Starting at the line that contains "Mlýn byl situován", copy every line to the end of the material below exactly, and omit the pictures.

START GIVEN RECORDS

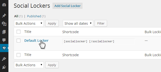 Click on the shortcode titled “Default Locker” to open the locker editor
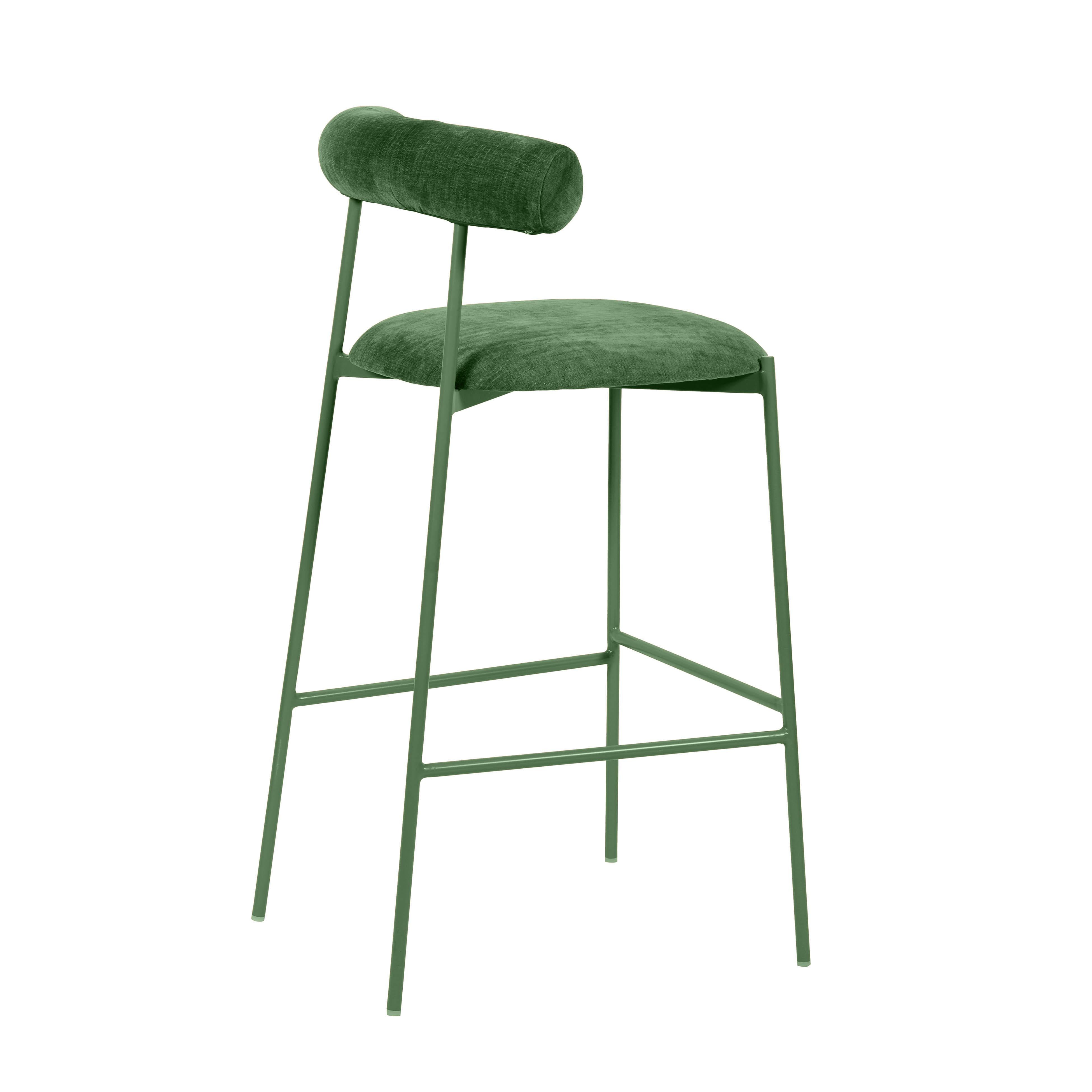 Introducing the Liliana Stool, available in vibrant, punchy colors like mauve, forest green, and taupe. Choose between counter or bar height to suit your space perfectly. With its sleek Memphis-inspired design and a tone-on-tone look, where the legs match the upholstery, this stool effortlessly combines style and comfort for a chic addition to any setting.
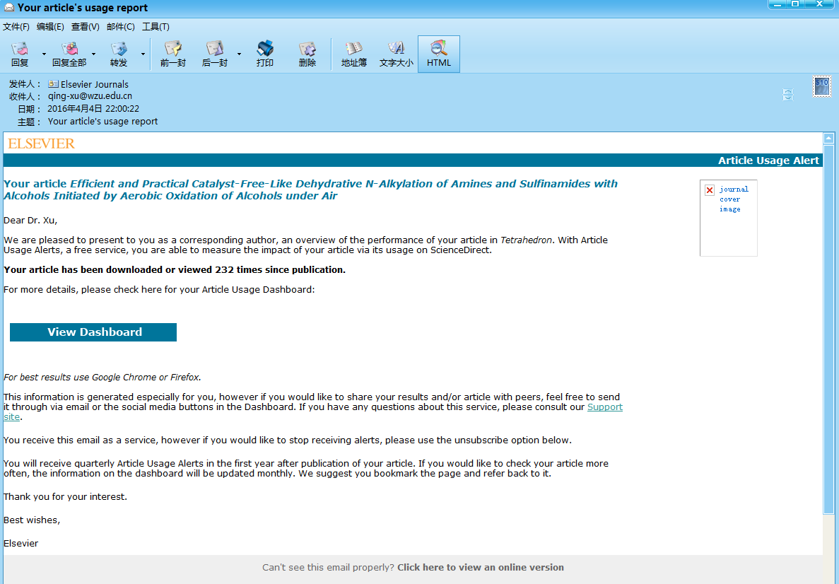(22) Xiaohui Li, Shuangyan Li, Qiang Li, Xu Dong, Yang Li, Xiaochun Yu, Qing Xu.* Efficient and Practical Catalyst-Free-Like Dehydrative N-Alkylation of Amines and Sulfinamides with Alcohols Initiated by Aerobic Oxidation of Alcohols under Air. Tetrahedron 2016, 72 (2), 264-272 (SCI-III, IF: 2.641). .   (23) Lei Yu,* Yaping Huang, Zheng Wei, Yuanhua Ding, Chenliang Su,* Qing Xu.* Heck Reactions Catalyzed by Ultrasmall and Uniform Pd Nanoparticles Supported on Polyaniline. J. Org. Chem.2015, 80 (17), 8677–8683 (SCI-II,IF: 4.721). 被X-MOL化学咨询平台亮点摘录:  (24) Lei Yu,* Jianqing Ye, Xu Zhang, Yuanhua Ding, Qing Xu.* Recyclable (PhSe)2-catalyzed selective oxidation of isatin by H2O2: a practical and waste-free access to isatoic anhydride under mild and neutral conditions. Catal. Sci. Technol. 2015, 5 (10), 4830-4838 (SCI-II, IF: 5.426).
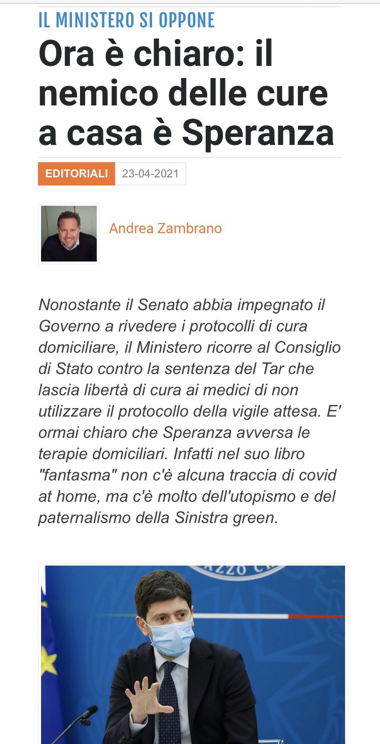 “Questo atteggiamento non può non essere una precisa strategia politica del governo Draghi che ha confermato pubblicamente la sua fiducia a Speranza, non può che essere il risultato di una programmazione che vede nella cura precoce del Covid un ostacolo al raggiungimento di certi scopi. Quali? Sicuramente il vaccino che deve essere il primo e unico obiettivo delle attuali politiche sanitarie.
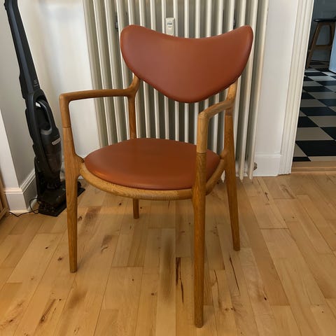 En sjælden skønhed, samtidig med at det er en yderst behagelig stol med unik siddekomfort, førsteklasses polstring og snedkerarbejde.
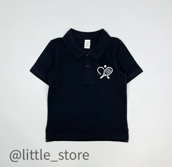 Футболка-поло выполнена из хлопка-пике самого высокого качества. Футболка застегивается на кнопки на груди, украшена принтом с изображением теннисных ракеток. Рукава и низ футболки обработаны плоскими швами. По бокам у футболки разрезы.
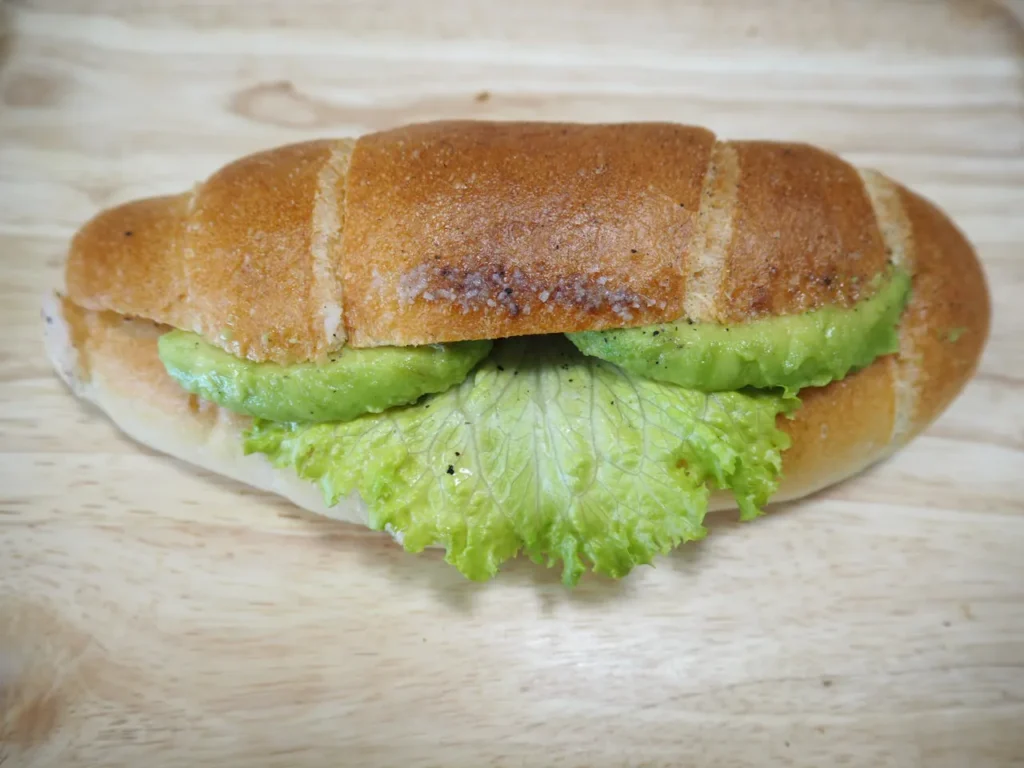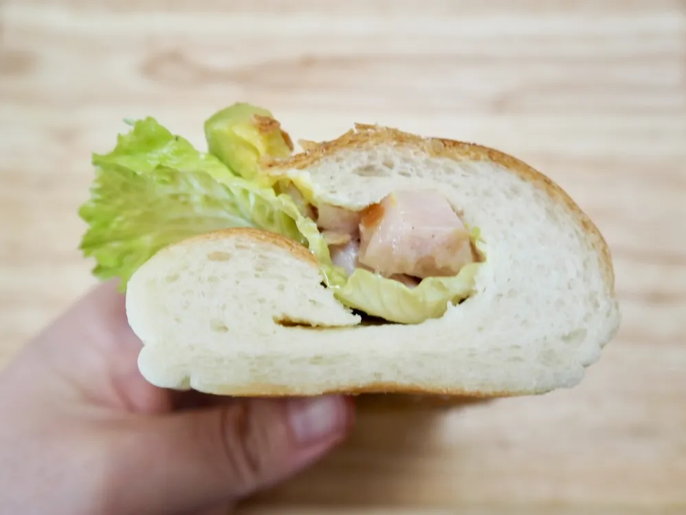 特徴: ソフトめのパンにスモークされた鶏ムネ肉とアボカドがサンドされた、さっぱりおいしい一品。
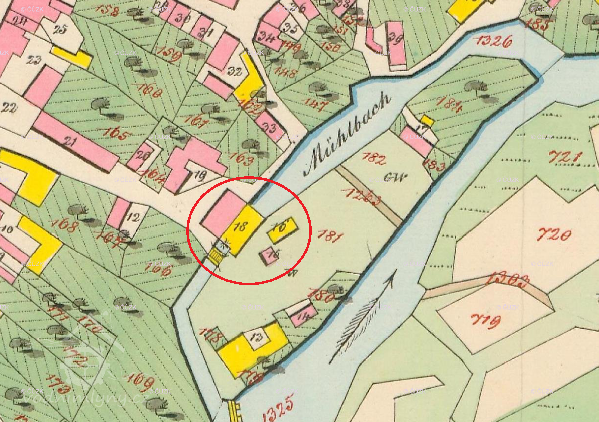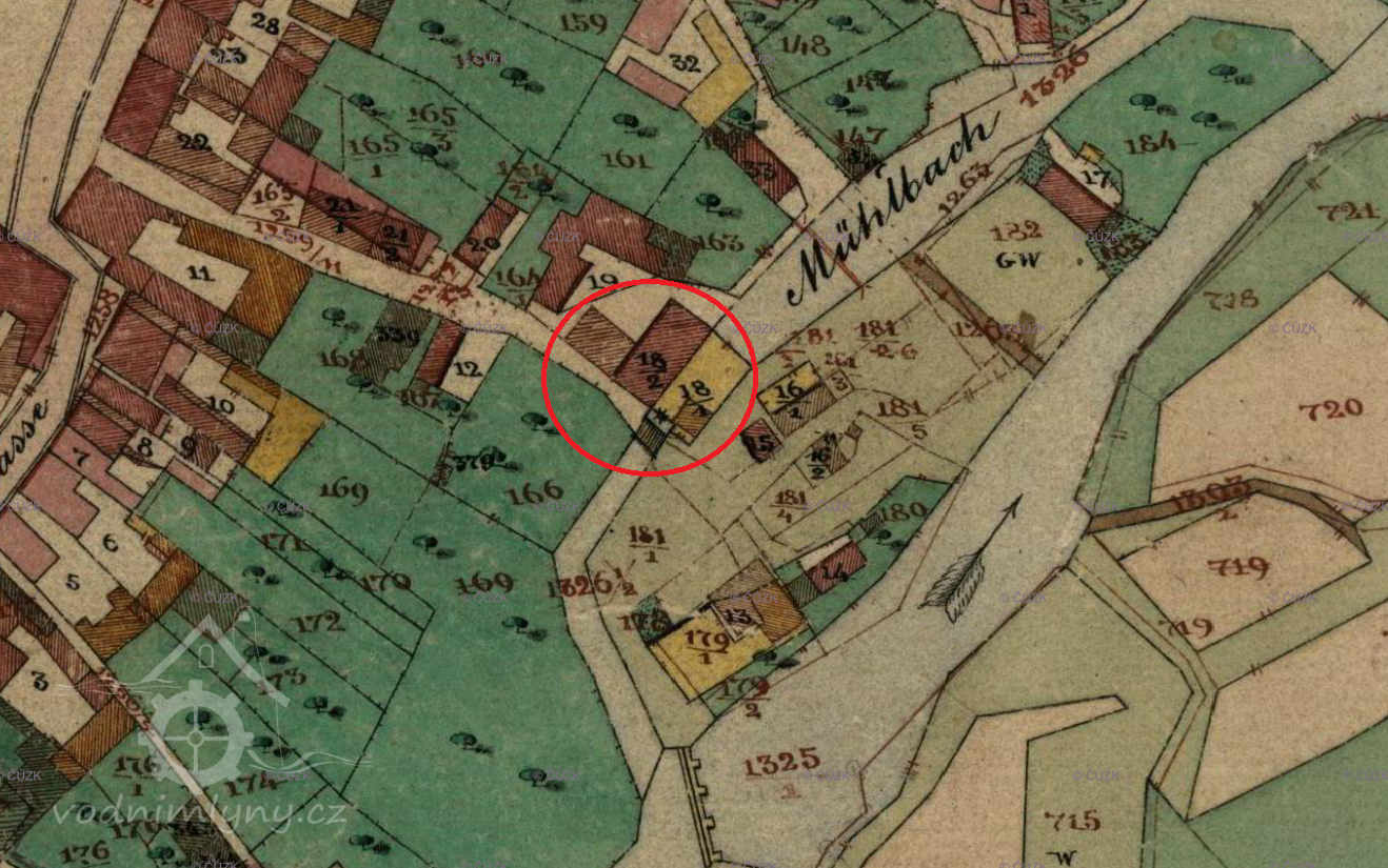Mlýn byl situován na krátkém náhonu z Úhlavy, který tak vytvářel ostrov.
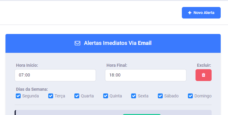Dias da semana - seleção dos dias da semana em que deseja receber os boletins
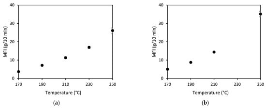 MFI against temperature for (a) PP and (b) PP with 3 wt% MAPP.

END GIVEN RECORDS

[RESPONSE FOR THIS EXERCISE]:
Mlýn byl situován na krátkém náhonu z Úhlavy, který tak vytvářel ostrov.
Dias da semana - seleção dos dias da semana em que deseja receber os boletins
 MFI against temperature for (a) PP and (b) PP with 3 wt% MAPP.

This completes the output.